Try it:
Give again only the lines from the line that holds "Áo sơ mi nam" to the end of the data, inclusive, omitting all pictures.

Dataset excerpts
☆ ☆ ☆ ☆ ☆ ☆ ☆
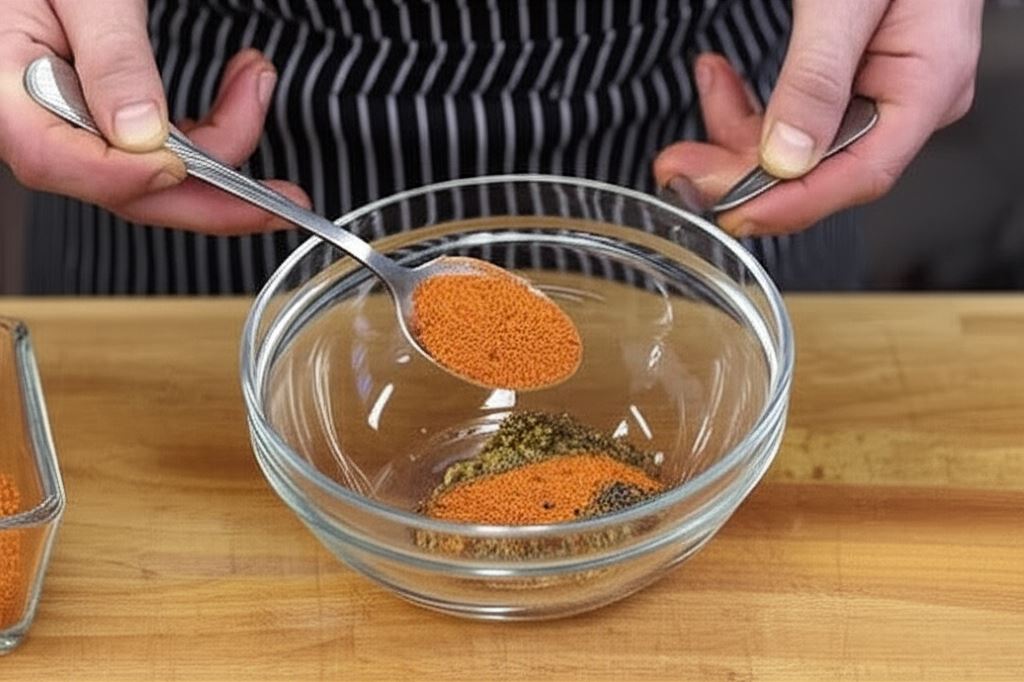 W misce wymieszaj razem oliwę, musztardę francuską, Przyprawę Knorr i pokruszone przyprawy. W uzyskanej marynacie umieść mięso i odstaw na minimum jedną godzinę w chłodnym miejscu.
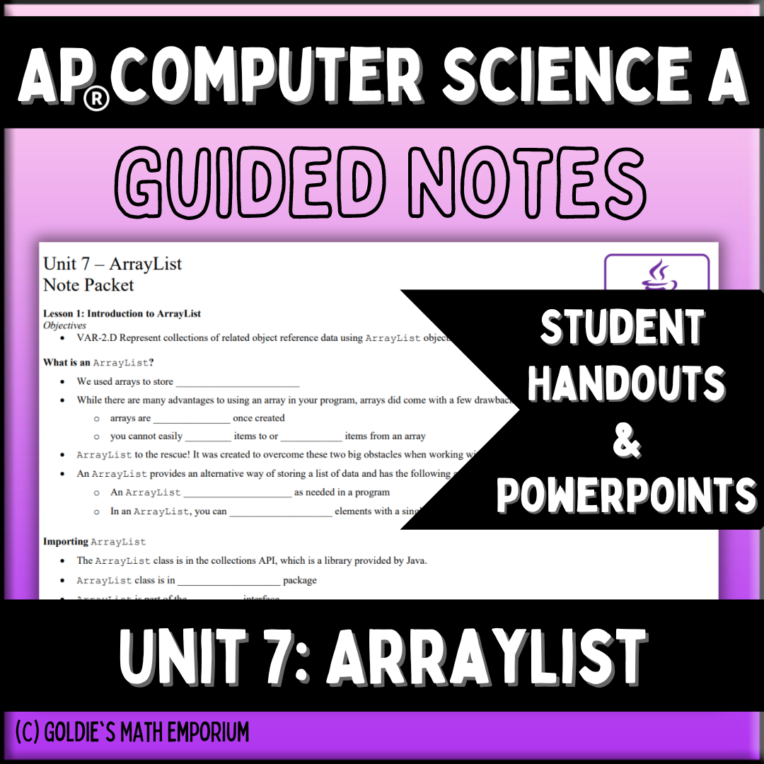 Goldie's Unit 7 GUIDED NOTES for AP® Computer Science A
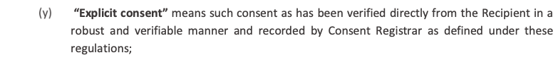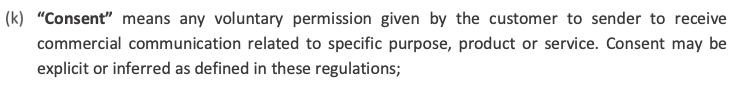 TCCCPR explicitly defines “consent” as a customer’s clear and verifiable agreement to receive commercial communication from a specific sender for a specified purpose.
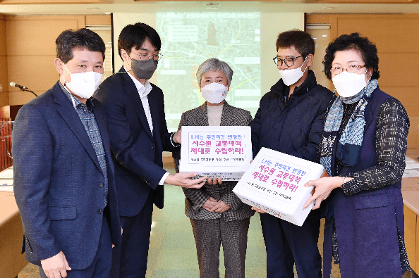 수원시의회 윤경선 의원(진보당, 금곡·당수·입북동)과 ‘서수원 도로교통망 개선 주민 대책위원회’는 20일 서수원 도로교통망 개선을 위해 LH와 수원시 관계자들과 간담회를 진행하고 1만여 명의 주민 서명부를 전달했다.
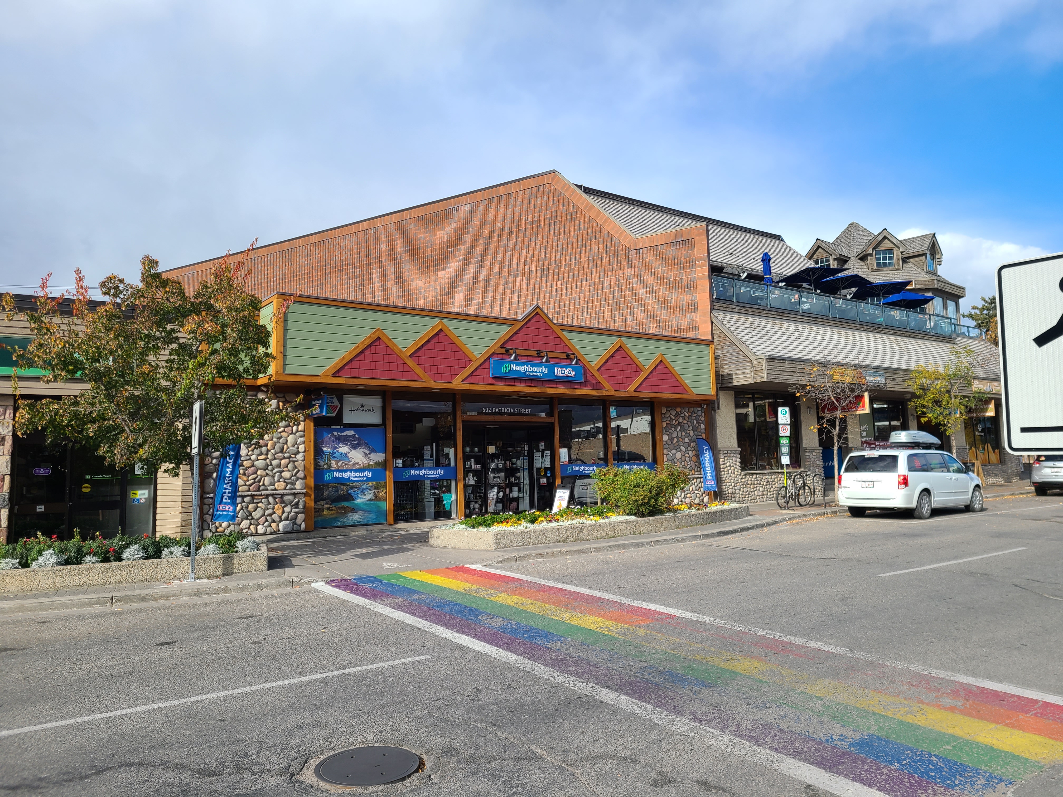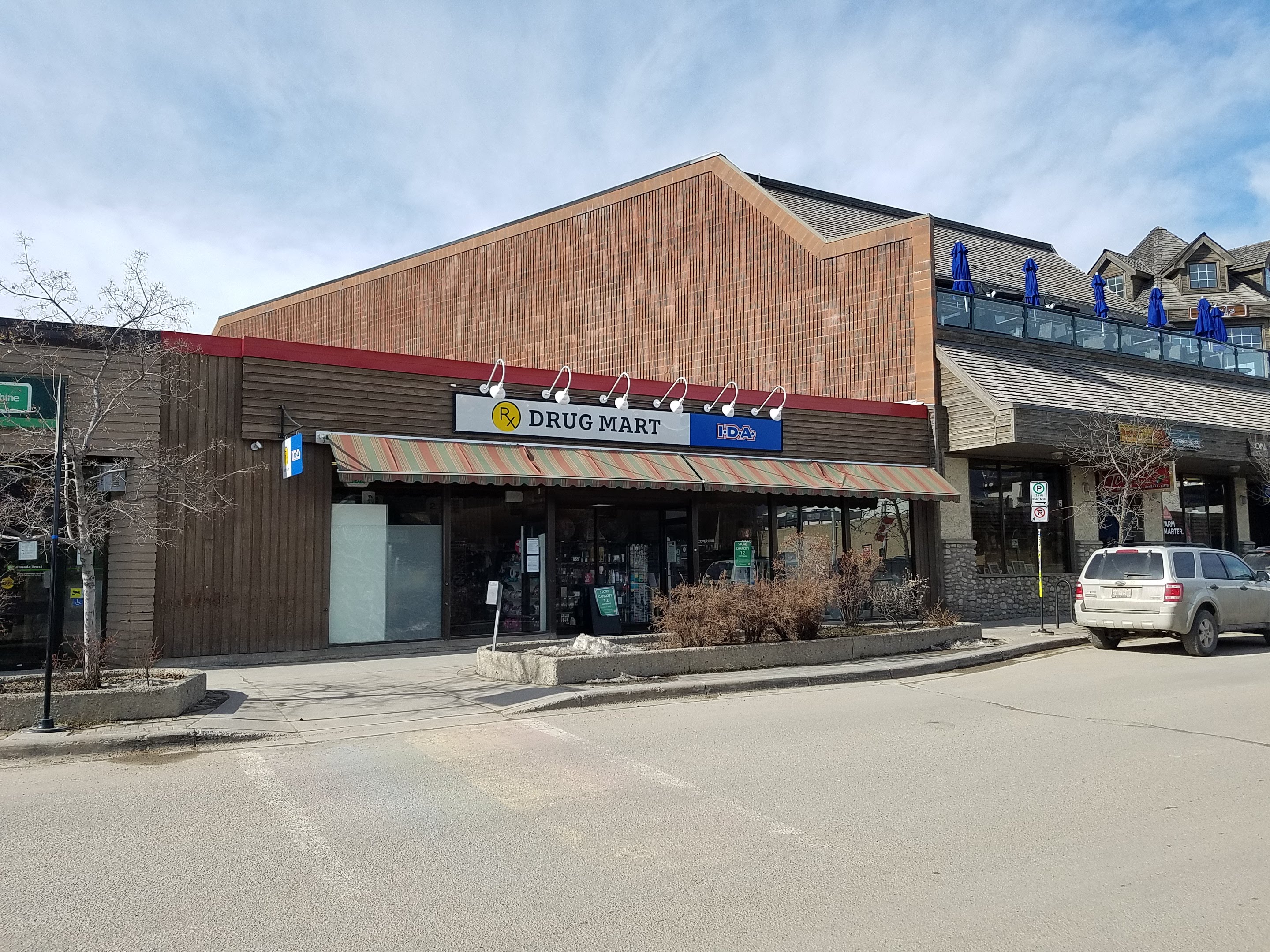 Jasper’s IDA pharmacy building had previously been as-constructed since the early 1970s. In the interests of providing shoppers with a protected canopy, and providing a more mountain-esque feel, the owner of the building wished to renovate the front facade.
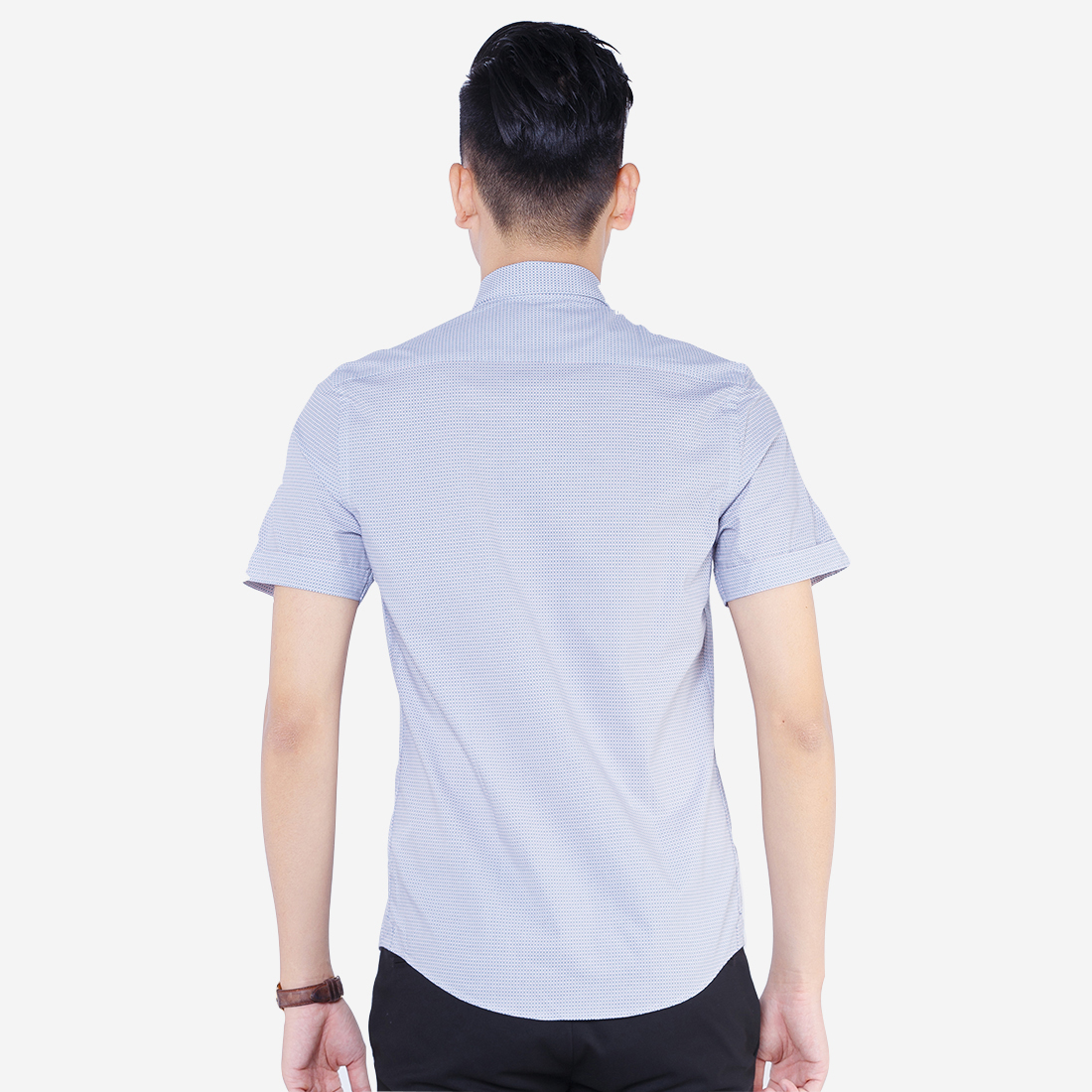 Áo sơ mi nam ngắn tay cao cấp Aligro ALGS-C49 vải cotton form SLIMFIT màu xanh dương hoạ tiết chấm tròn
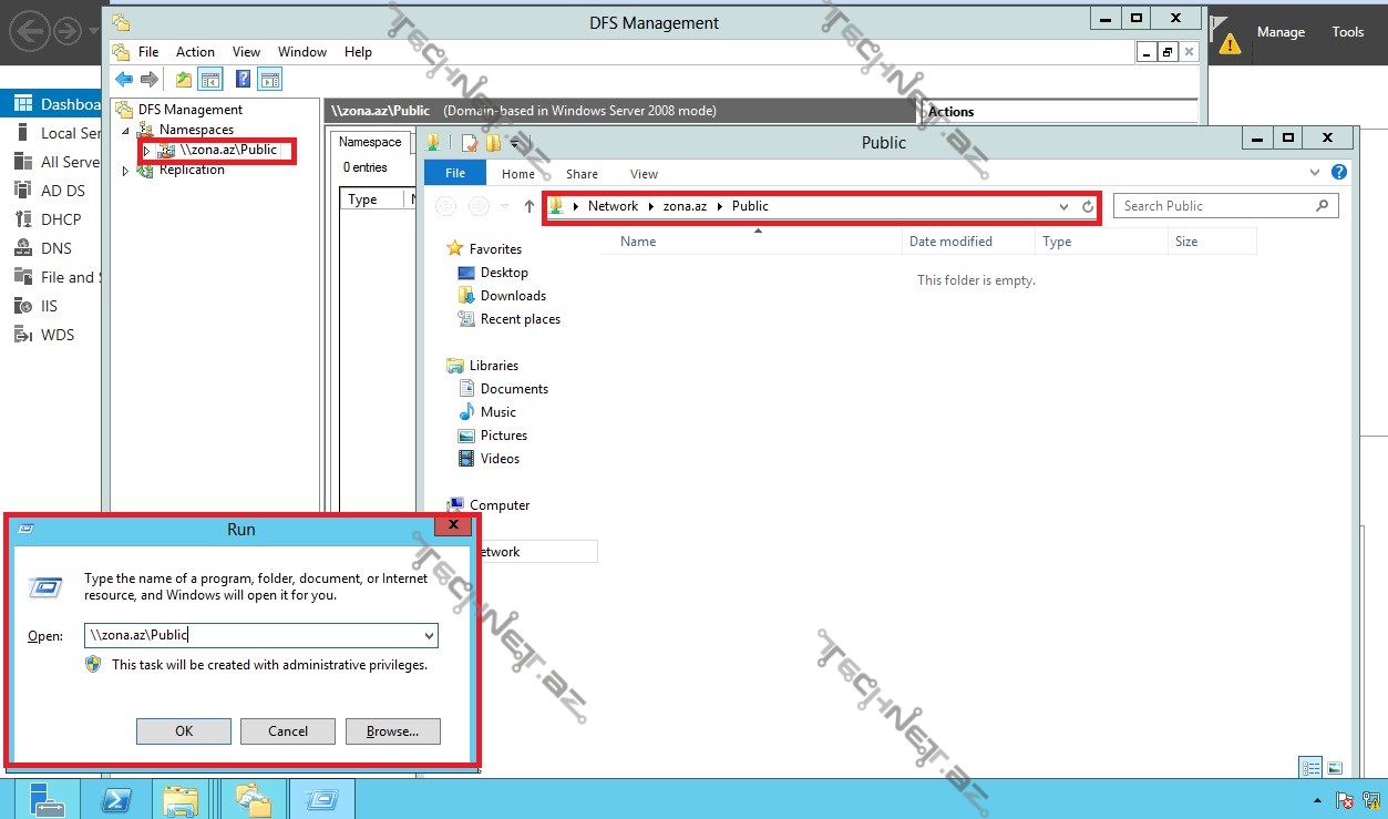 DFS namespace ilə fərqli serverlərdə olan qovluqları Public qovluğa toplamaq
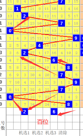 现在我们看一下百位,百位上期开了一个8,然后本期的话,这个百位很明显是要往左进行运动,那么往左的话,有一个6是一个跨度为2的一个6。这个6也是非常好,还有一个是这个2。所以说百位的话情况就比较好选。基本上2.3.6这几个号码
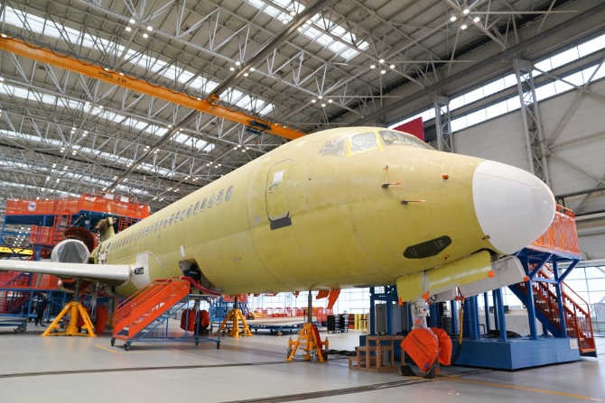 中国商飞上海飞机制造有限公司总装车间内的国产ARJ21飞机。记者 丁汀 摄
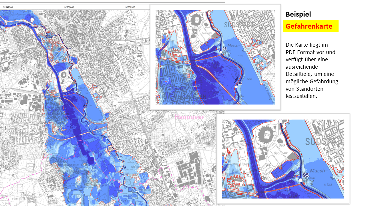 Wie eingangs erwähnt bietet der NLWKN zur Onlinekarte auch Karten für 42 Gewässer mit einem besonderen signifikanten Risiko in Niedersachsen im PDF-Format, die Sie sich für eine Offline-Ansicht oder für einen Ausdruck downloaden können.
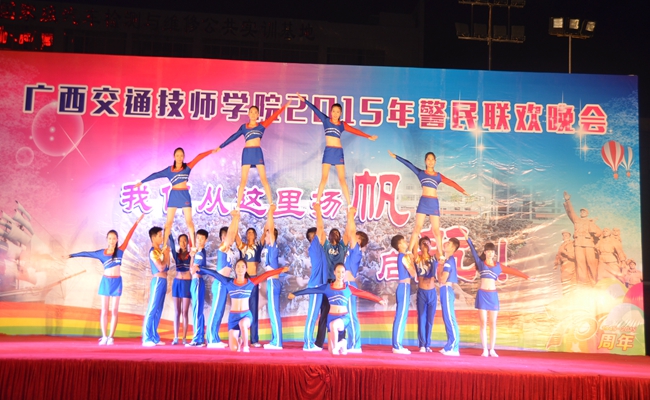 晚會在動感十足的啦啦操花球表演中拉開了帷幕(mù),街舞協會活力四射的《快樂汽車人》、教(jiāo)官代表帶來的獨唱《軍中綠花》,2015級幼兒教育2班歡快活(huó)潑的舞蹈《快樂女孩》、汽車商務協會優美的舞蹈《青花(huā)瓷》、長堽(gāng)校區街舞協(xié)會熱情(qíng)奔放的《起源》、舞蹈協會帶來的《恰似(sì)白月光》、許曉清老師帶來的動聽的歌曲《晚風吹過哨塔》等節目逐一登(dēng)場,為師生們呈現一場精彩的晚會 。最(zuì)後,啦啦操協會帶來了技巧表演,嫻(xián)熟的(de)動作(zuò),炫目的技巧,再次將晚會推向了高潮,贏(yíng)得了觀眾們(men)雷鳴般的掌聲。
☆ ☆ ☆ ☆ ☆ ☆ ☆
Solution below:
 Áo sơ mi nam ngắn tay cao cấp Aligro ALGS-C49 vải cotton form SLIMFIT màu xanh dương hoạ tiết chấm tròn
 DFS namespace ilə fərqli serverlərdə olan qovluqları Public qovluğa toplamaq
 现在我们看一下百位,百位上期开了一个8,然后本期的话,这个百位很明显是要往左进行运动,那么往左的话,有一个6是一个跨度为2的一个6。这个6也是非常好,还有一个是这个2。所以说百位的话情况就比较好选。基本上2.3.6这几个号码
 中国商飞上海飞机制造有限公司总装车间内的国产ARJ21飞机。记者 丁汀 摄
 Wie eingangs erwähnt bietet der NLWKN zur Onlinekarte auch Karten für 42 Gewässer mit einem besonderen signifikanten Risiko in Niedersachsen im PDF-Format, die Sie sich für eine Offline-Ansicht oder für einen Ausdruck downloaden können.
 晚會在動感十足的啦啦操花球表演中拉開了帷幕(mù),街舞協會活力四射的《快樂汽車人》、教(jiāo)官代表帶來的獨唱《軍中綠花》,2015級幼兒教育2班歡快活(huó)潑的舞蹈《快樂女孩》、汽車商務協會優美的舞蹈《青花(huā)瓷》、長堽(gāng)校區街舞協(xié)會熱情(qíng)奔放的《起源》、舞蹈協會帶來的《恰似(sì)白月光》、許曉清老師帶來的動聽的歌曲《晚風吹過哨塔》等節目逐一登(dēng)場,為師生們呈現一場精彩的晚會 。最(zuì)後,啦啦操協會帶來了技巧表演,嫻(xián)熟的(de)動作(zuò),炫目的技巧,再次將晚會推向了高潮,贏(yíng)得了觀眾們(men)雷鳴般的掌聲。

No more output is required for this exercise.